Я на поминки Тревиля… то есть, на поминки Маракина всё равно бы не приехал, что мне отсюда ехать. Он меня не любил, да и выехать отсюда сложно.

Я и на встречи одноклассников-однокурсников перестал ходить. Что мне тупо глядеть, как подурнели наши бабы и на расстоянии угадывать, знакомы ли мне эти лица?

Но Арамиса теперь я узнал сразу – хотя внешне он такой неприметный, и для Дон-Жуана даже невысокого роста. В пору лихих девяностых я потерял его из виду и внезапно встретил в кафе музея Актуальной Политики. Выяснилось, что он снимает офис прямо в этом музее.

– Даже не спрашивай, даже не спрашивай, – отвечает.

А я его спросил, чем занимается, а про себя думаю, не надо мне этого знать, не надо.

Потом он, кажется, уехал в Европу. Ну или в Америку – для меня отсюда это всё равно. Я-то знал, что для меня это невозможно, никому я там не нужен, без языка, с троечным моим дипломом, скукота одна. А полы мыть я и тут могу.

Ну да ладно, хотя у меня было смутное подозрение, что наш Арамис сбежал от должников. Было у нас как-то такое время, когда кредиторы бегали от должников – и убрать кредитора стало самым лёгким способом расплатиться с долгами.

Какой-то у него там бизнес-шмизнес, даже несколько бизнесов, которыми он особо не занимался, только подаивал с них деньги.

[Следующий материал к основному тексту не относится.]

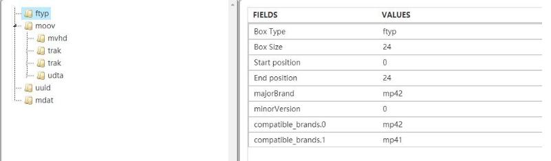 可以看到这份标准的mp4视频根路径上有四个box -- ftyp、moov、uuid、mdat

Была и какая-то частная клиника, где он занимался экспериментами по передаче информации от клетки к клетке.

На встрече однокурсников он всё-таки выпил и разговорился:

– Мы очень продвинулись в лечении герпеса, – гордо так говорит. – А вот раком мы заниматься не будем, потому что для этого нужен крупный центр, много больных и статистика.

Тут подвалили наши шумные однокурсники. Множество моих знакомцев занялось яхтенным спортом. Всё это, по-моему, дело дурное, забава для богатых. Видел я, как после кризиса в девяносто восьмом пытались эти яхты продавать. Один даже жил в яхте на Пироговском водохранилище, потому что его из квартиры за долги и общее безденежье выперли. А пока над ними не висел дамоклов меч русского разорения, они с разной степенью профессионализма бороздили моря и океаны мира, оставаясь в своей обыденной жизни банковскими служащими.

И вот они хлопали Арамиса по плечу и спрашивали:

– А ты ведь тоже яхтами занимался?

– Да, – он им так, с усмешечкой. – Только я этим как спортом уже не занимаюсь.

– Что, – спрашивают его сочувственно, – проблемы со здоровьем?

– Да нет. Я когда выиграл чемпионат мира, то как-то потерял к этому интерес.

Банковские служащие звучно клацнули челюстями.

– Так это ты был в Гамбурге в две тыщи втором, в классе «микро»?

– Да, это мы – только что построили яхту и решили опробовать. Вот так и получилось. А за несколько лет до этого, в Канаде, меня взяли на борт, чтобы пройти на юг вдоль американского побережья. И когда я взял в руки фал, то будто игла вошла в вену наркомана – я понял, что это моё. Безо всякого соревнования и спортивного интереса.

Ну, ё-моё, думаю, такие люди и без охраны.

* * *

Но так или иначе, он приехал сюда.

Потом я узнал подробности, но – нет, не мог он Мишаню завалить.

Даже если бы они поругались, даже если б напились и вспомнили былые обиды – а я знаю, что им было, что делить.

Да и корысти ему нету никакой.

Не тот стиль, вот что я скажу.

И тут вижу, как он себя ведёт. Зона-то всё показывает, она сразу человека выявляет – то ли он для понтов сюда залез, то ли бабла пришёл порубить, то ли вовсе с глузду съехал.

А так-то я любил всех. Я Атоса любил – Атос был благо-о-о-ородный, он всем помогал.

Он нам всем сильно помог, и мне в том числе.

Я-то довольно давно обретался в научном городке. Квартира в Москве была продана, семейная жизнь не сложилась, я начал попивать и сразу же согласился поехать в Зону.

Если бы мне предложили ехать лаборантом, я бы и то согласился. Но контракт был на инженера-исследователя, что даже тешило моё самолюбие.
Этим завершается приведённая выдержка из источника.